The context for writing this was to support a conversation on what I feel is needed and how I could support its development so as to a) further enrich community development in Frome, Somerset and align the infrastructure to sustain this, and b) how churches (and housing associations) could extend and adapt to better support the wellbeing of the whole person and the wider community both in Frome and beyond.

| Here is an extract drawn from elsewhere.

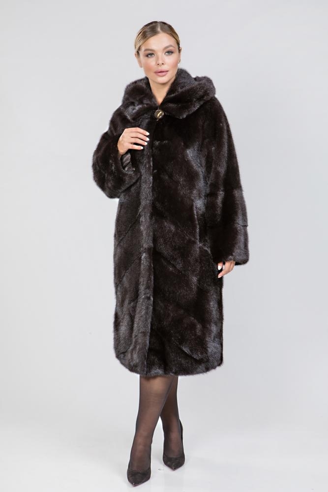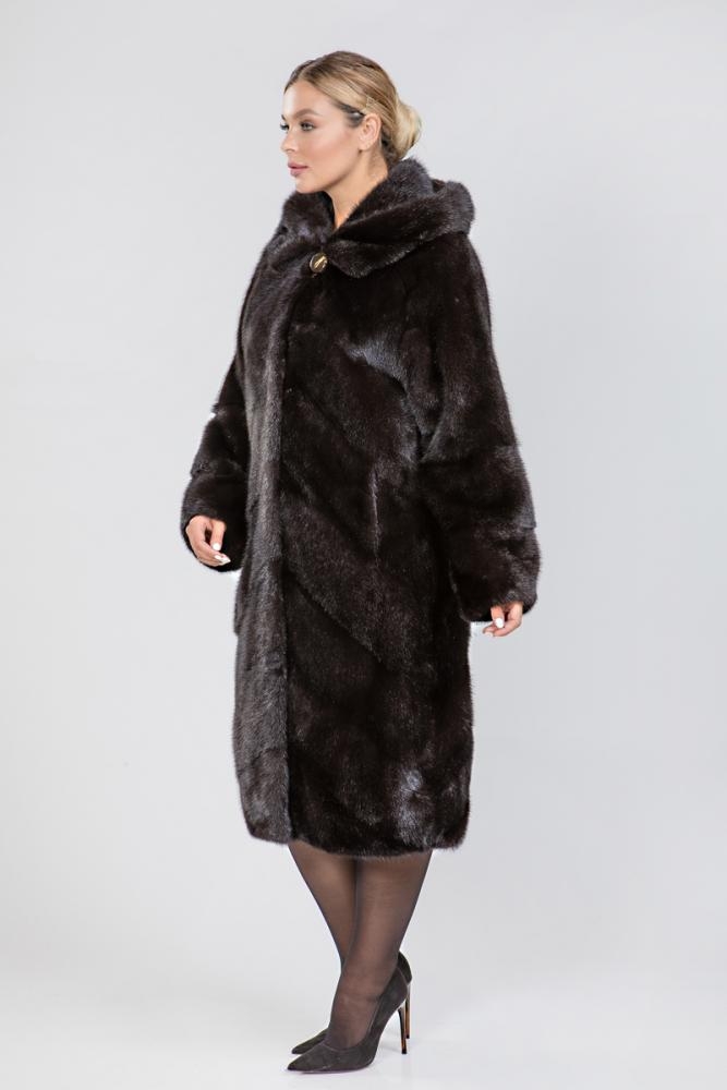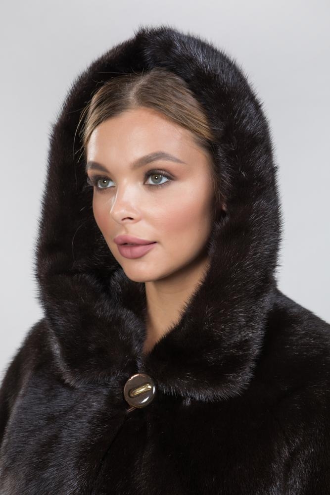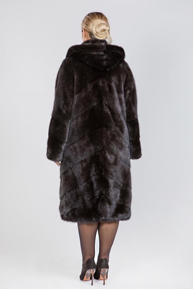 Полупальто из меха норки с капюшоном. Крой изделия диагональная выкладка пластин. На талии и на рукавах модели имеются регулирующие утяжки. Низ изделия слегка заужен. Длина модели 115 см. Лаконичный дизайн шубки подойдет девушкам любой комплекции, а теплый и качественный мех будет согревать даже в суровые морозы!
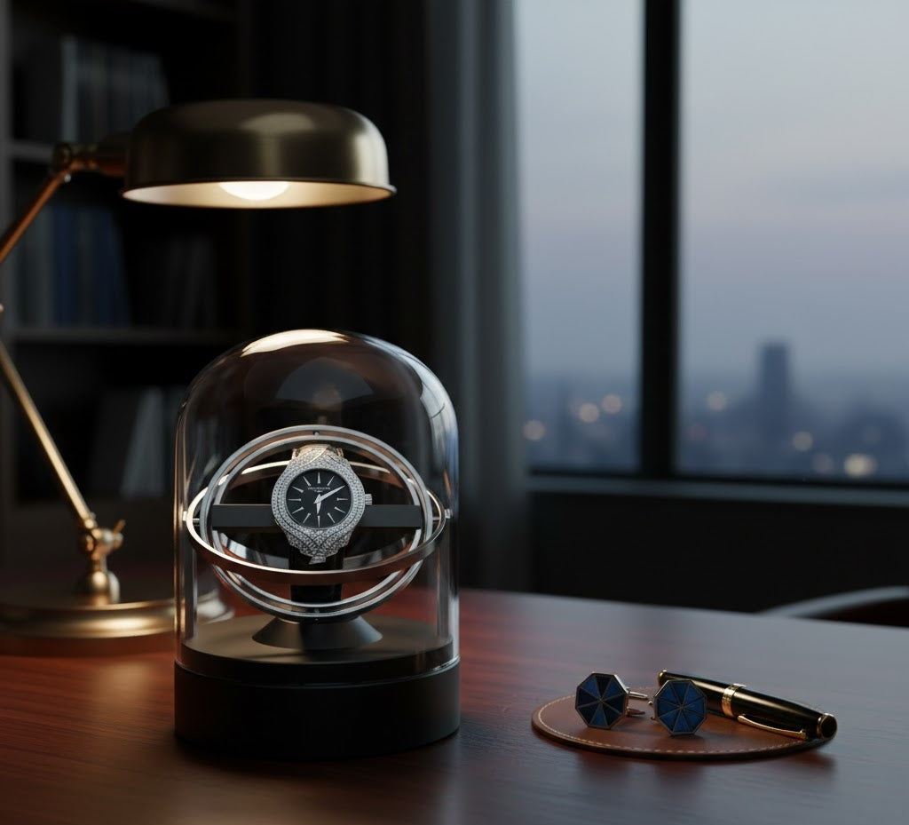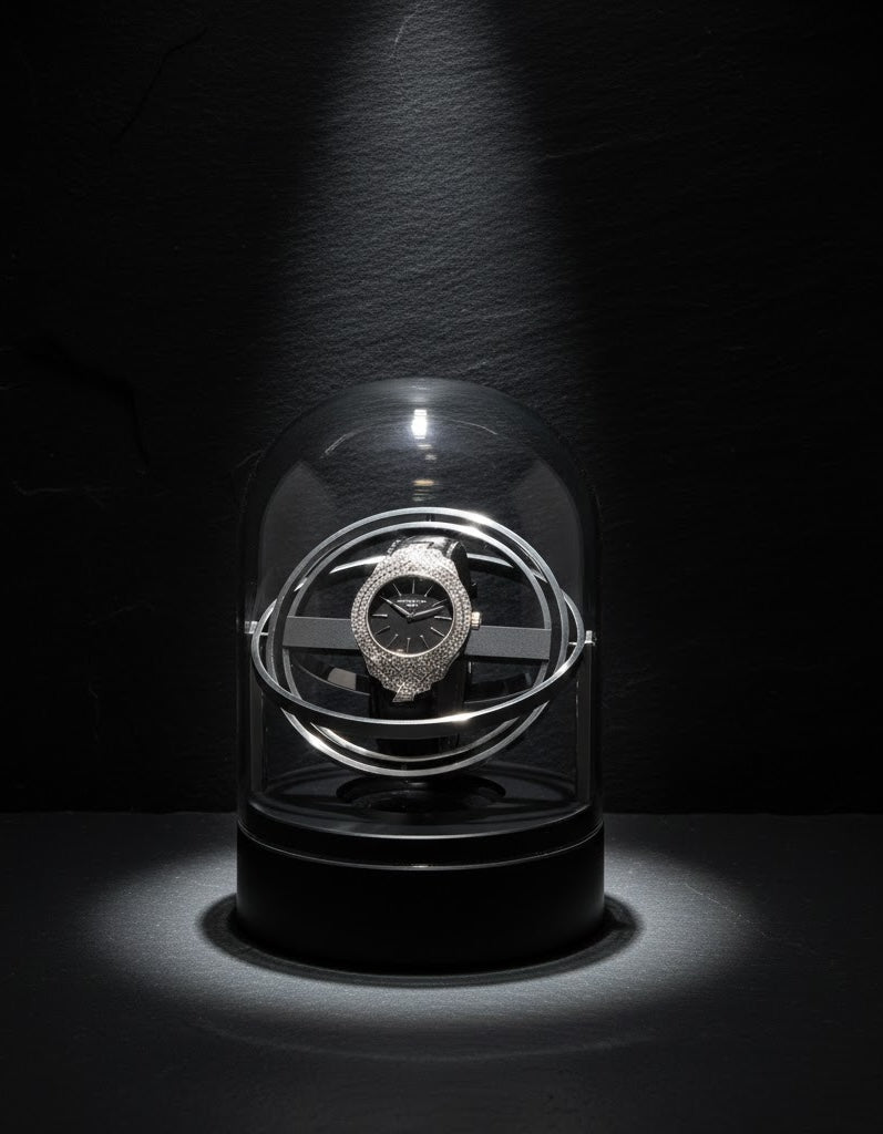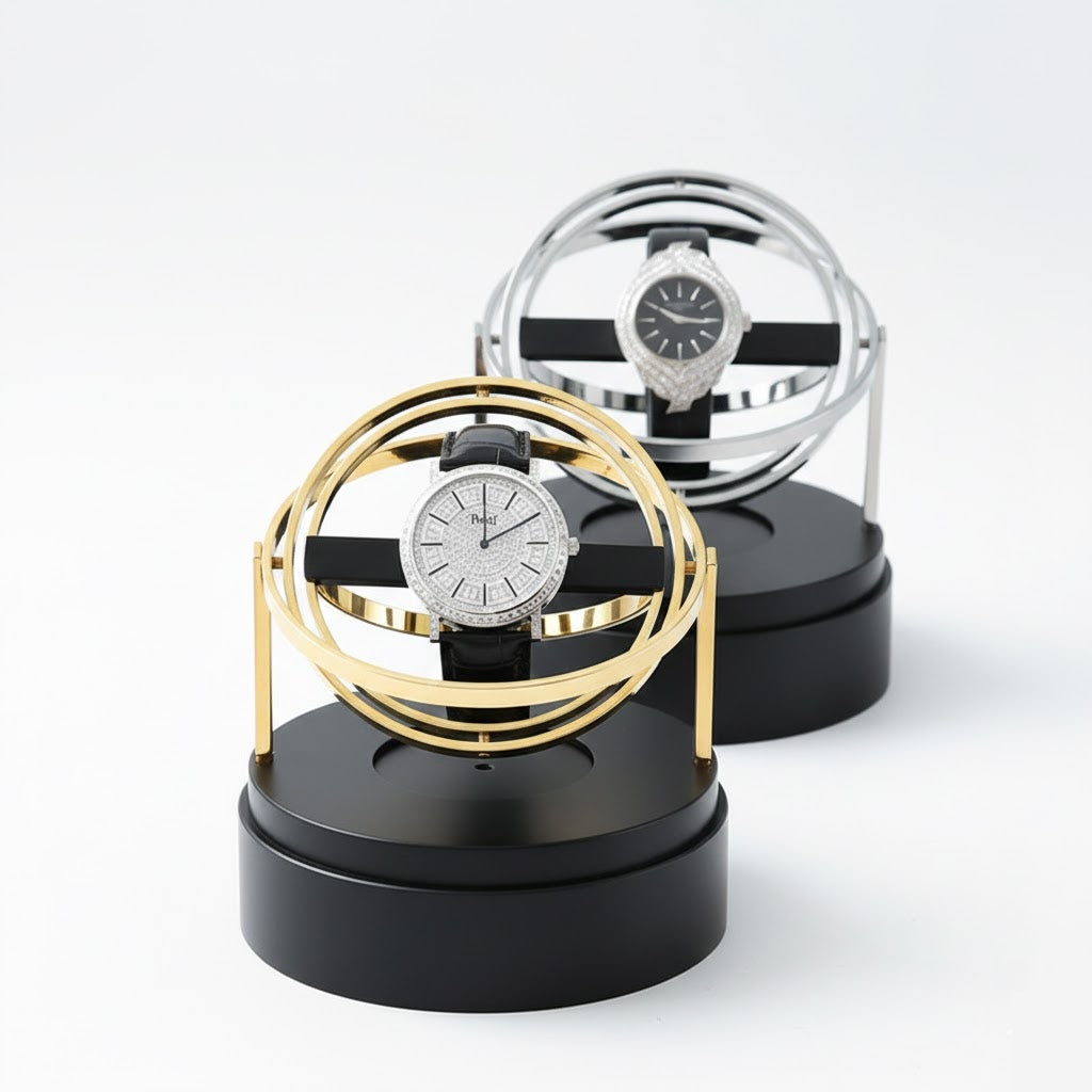 Experience the Beauty of Perpetual Motion The Aurelix Gyroscope Orbit is an artistic masterpiece designed for the most sophisticated automatic timepieces. By utilizing a specialized triple-ring orbital system, this winder provides continuous, multi-directional motion that mimics the natural movement of the human wrist. Encased in a museum-quality glass dome, it transforms your watch into a captivating kinetic sculpture while ensuring its mechanical heartbeat never falters.

However, my response serves to illustrate the capability I can and would like to build in all sectors and the work I am seeking to develop through the Civil Society Forum and Time to Thrive.
I will start by explaining the underpinning shifts I believe are needed, followed by ways of enabling these. I have then added annexes that provide some practical illustrations and supporting graphics showing how the shifts can be made in different settings (individual and organizational).
The challenge
Over the last few centuries there have been huge increases in material wealth across the developed world. These have been underpinned by amazing scientific and technological advantages and brought many gains, not least in improved physical health and longevity. At the same time paradoxically by many measures wellbeing has gone down.
Chronic stress, depression and other mental health problems are increasing, as are the rates of breakdown in family and community relationships and the prevalence of isolation. Strong evidence of the significance of lifestyle determinants on most of the chronic conditions that limit life has started emerging. However without any additional spend to address this, the rise in multiple conditions mean that the NHS faces a natural annual inflation in NHS cost of 4% (and this at a time of austerity). This combines with research published in 2017? stating that [X%] of the population have no meaningful engagement with their work.
A product of these combined factors is what American doctors termed ‘shit life syndrome’; where low agency set against consumerist pressure causes stress and unhealthy life choices and outcomes. This is not just a feature of US cities. In his article in the Guardian on 19th August titled “The bad news is we’re dying early in Britain – and it’s all down to ‘shit-life syndrome’[1] Will Hutton sited that within the London borough of Kensington and Chelsea, the difference in life expectancy between richest and poorest is 16 years. And the trends are deteriorating (see Public Health England map of the English health experience from 2014 to 2016 released Dec 2017).
In summary, whilst generating high material productivity, our organisations - and the ways we organize life - struggle in delivering soft, human, joined up and life enhancing outcomes. At the same time we live in a world bursting with potential for vibrant and abundant life. So how we can both a) work within structures of life and work, and b) evolve the design of structures to be most fit for the purpose of sustaining and enhancing life? What are the adjustments in our underpinning mental and organizational models and the information and organisational architecture to both address the issues and connect to the wider possibilities for vibrant life? This is the focus of my interest and attention in both my work and wider life so I’ll explore what I see as the root causes then look at ways to address them.
Root causes
A key root cause of the paradoxical disconnect between wealth and wellbeing has been the rise of individualism and the development of “ego intelligence”. This is the drive to get things to work from ones own perspective without matching attention and evolution of “eco-intelligence”; to sense and respond to how things work within the greater whole. Just as in the development of a teenager, individualistic drive can give gains in self-expression and agency for some. However, it has led to individualistic ways of working that are insensitive to and de-valuing of our inherent connectedness. As a result they don’t adequately nurture the connectedness that we need to be resilient and thrive.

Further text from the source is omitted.